A colonização de vastas partes das terras pelo sistema das capitanias hereditárias, acrescida posteriormente por um amplo esquema de grilagem, consubstanciou a forma senhorial-coronelista na formação do campo brasileiro, cujos reflexos se encontram ainda hoje. A dificuldade atroz de se realizar um mínimo de reforma da estrutura fundiária brasileira está na raiz das grandes disputas “pelo alto”, que demarcaram o país desde o Império.

O papel desempenhado pelo exército português, composto em sua maioria por degredados e nativos, na garantia da unidade do território, foi sem dúvida um feito notável, haja vista que a antiga colônia espanhola se dividiu em várias partes formando o atual conjunto de nações da América do Sul, Central e o México, já o império português, não.

Árbitro dos interesses da Coroa, posteriormente do Império e dos senhores das terras, o exército português foi se transmudando em exército brasileiro, pós-Declaração da Independência. Sua estrutura de comando compôs-se dos descendentes de portugueses nascidos aqui, e seu extrato inferior, por brancos pobres, mulatos, indígenas e negros. Sendo o ápice da “integração” a Guerra do Paraguai, com os “voluntários da pátria”.

A quartelada que derivou na Proclamação da República pelos marechais Deodoro e Floriano foi um dos mais claros exemplos de resolução de conflitos entre frações de classe em disputa, sem a participação do povo. Segundo Aristides Lobo (1838-1896), um republicano, “o povo assistiu bestializado à Proclamação da República”.
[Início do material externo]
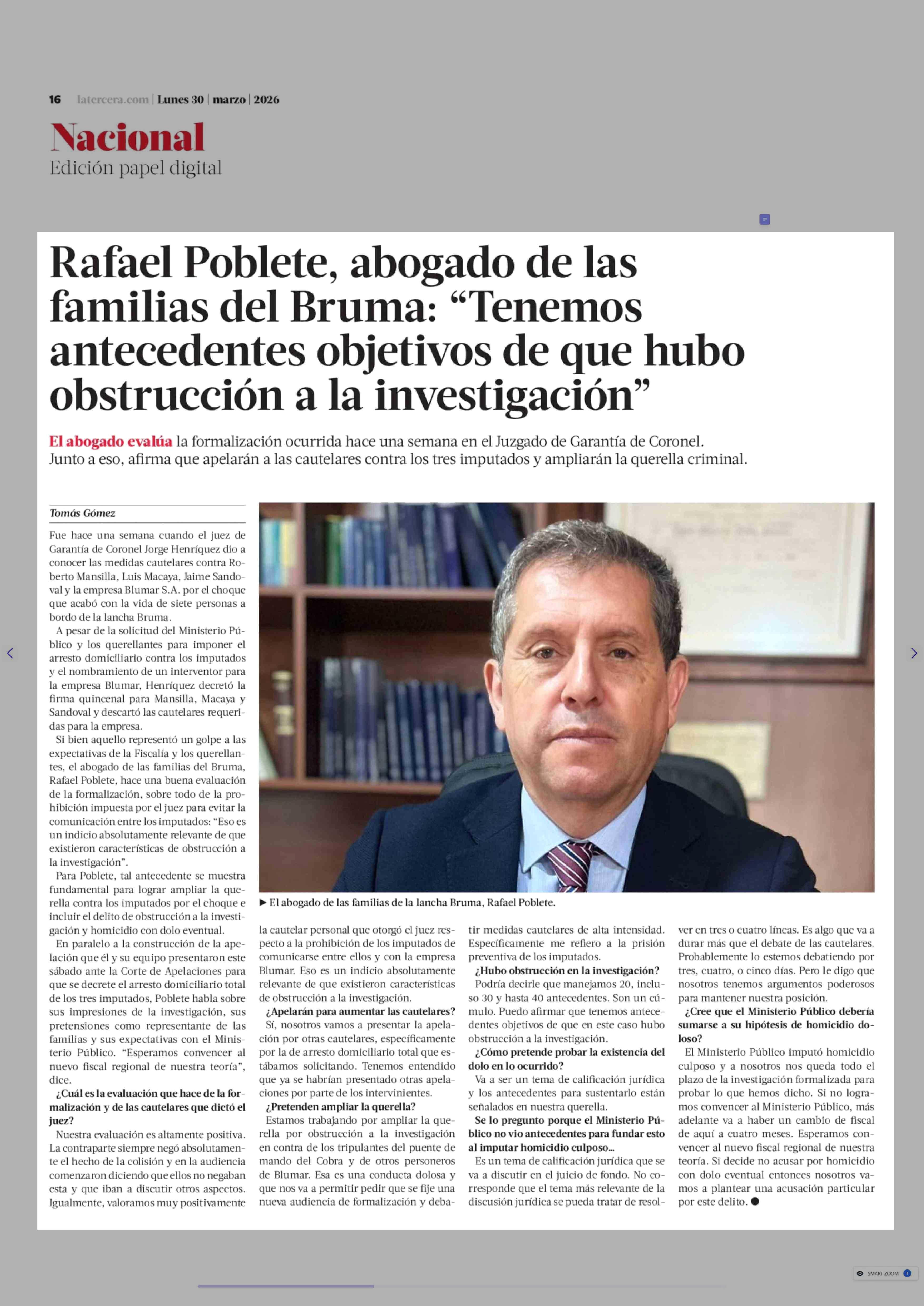 Título: Rafael Poblete, abogado de las familias del Bruma: "Tenemos antecedentes objetivos de que hubo obstrucción a la investigación"

A Constituição Republicana, de 1891, produzida em grande parte pela lavra de Rui Barbosa, fortaleceu o papel de arbitragem das Forças Armadas e não avançou um milímetro na questão fundiária. Tanto que o período até 1930 ficou conhecido como a “política do café com leite”. Alternando-se no governo os produtores de café paulistas e os produtores de leite das Minas Gerais.
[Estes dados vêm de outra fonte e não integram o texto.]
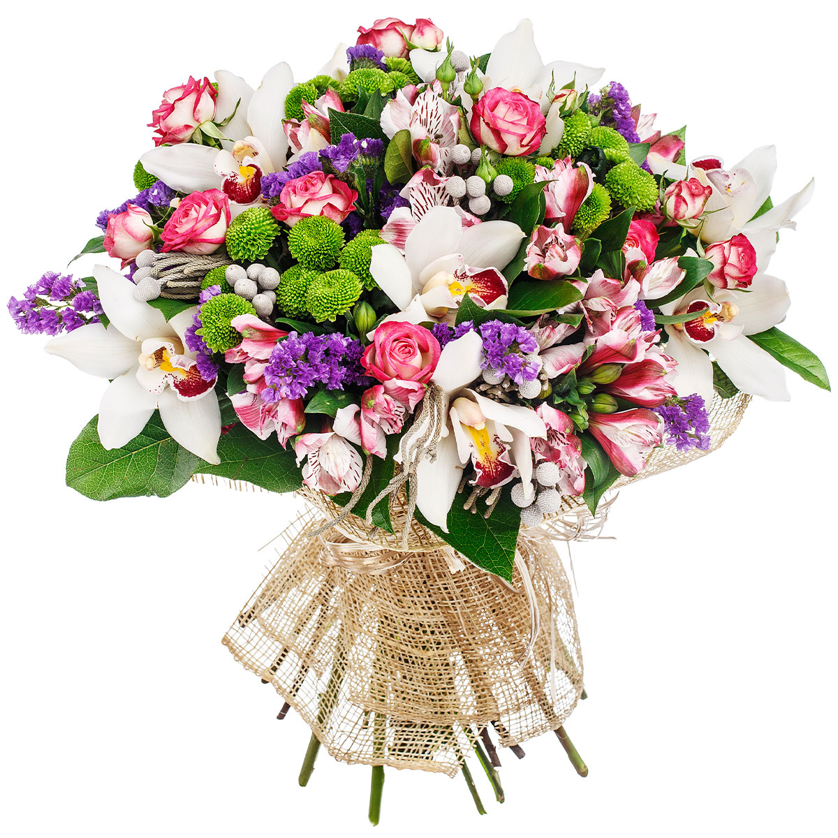Орхидея белая, альстромерия бело-красная, роза кустовая розовая, хризантема кустовая зеленая, статица фиолетовая. бруния. Упаковка (лента, пленка, крафт, сетка, пленка матовая)
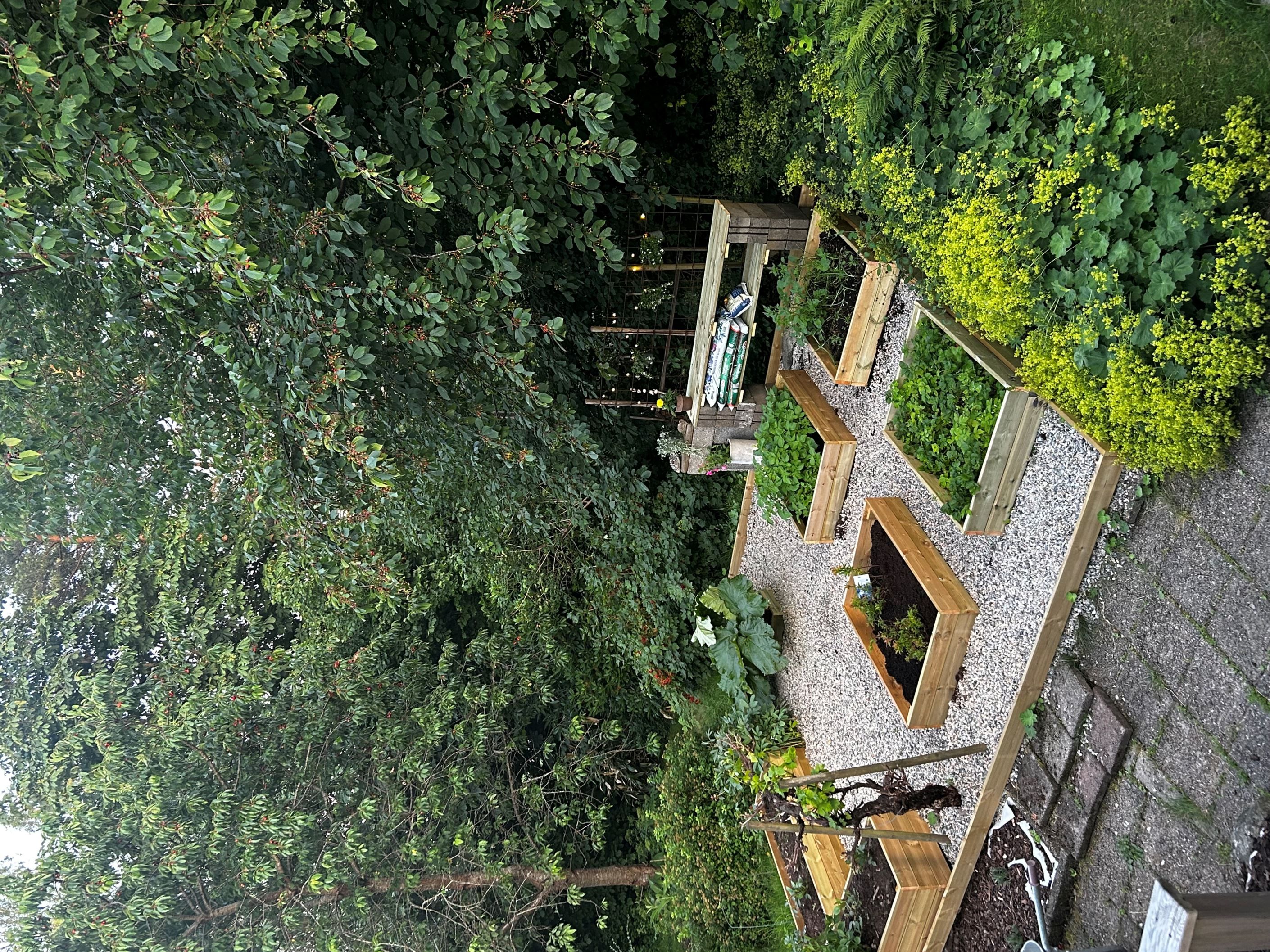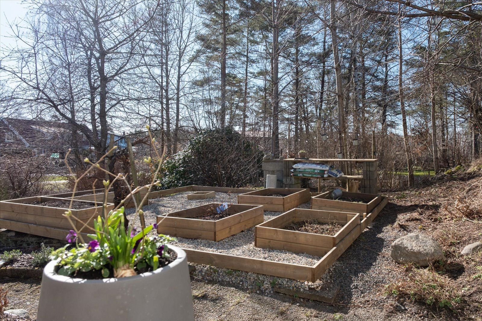 Redan vid första steget in möts du av en generös och trivsam trädgård med fantastiska odlingsmöjligheter. Flera odlingslådor finns redan på plats och ett praktiskt trädgårdsskjul ger gott om förvaring för redskap och projekt. Här finns generösa ytor för lek, umgänge och aktiviteter året runt.

Esse pacto só foi rompido na chamada Revolução de 1930, liderada também por um terrateniente gaúcho: Getúlio Vargas (1882-1954).

Seguindo a lógica das classes dominantes brasileiras, Vargas inicia o maior período de modernização-conservadora do periférico capitalismo brasileiro, sem mexer no campo e inicia as bases da industrialização – dando a largada para a constituição do “moderno” Estado brasileiro.

E a esquerda brasileira com isso?

Incipiente no cenário político da época, os círculos anarquistas e socialistas por inspiração da Revolução de Outubro de 1917, na Rússia, fundaram em 1922 o PCB, cujo nome por extenso era Partido Comunista do Brasil. Sem peso político e completamente descolado do emergente operariado e inexistente no campo, o partido foi mero observador dos acontecimentos de 1930.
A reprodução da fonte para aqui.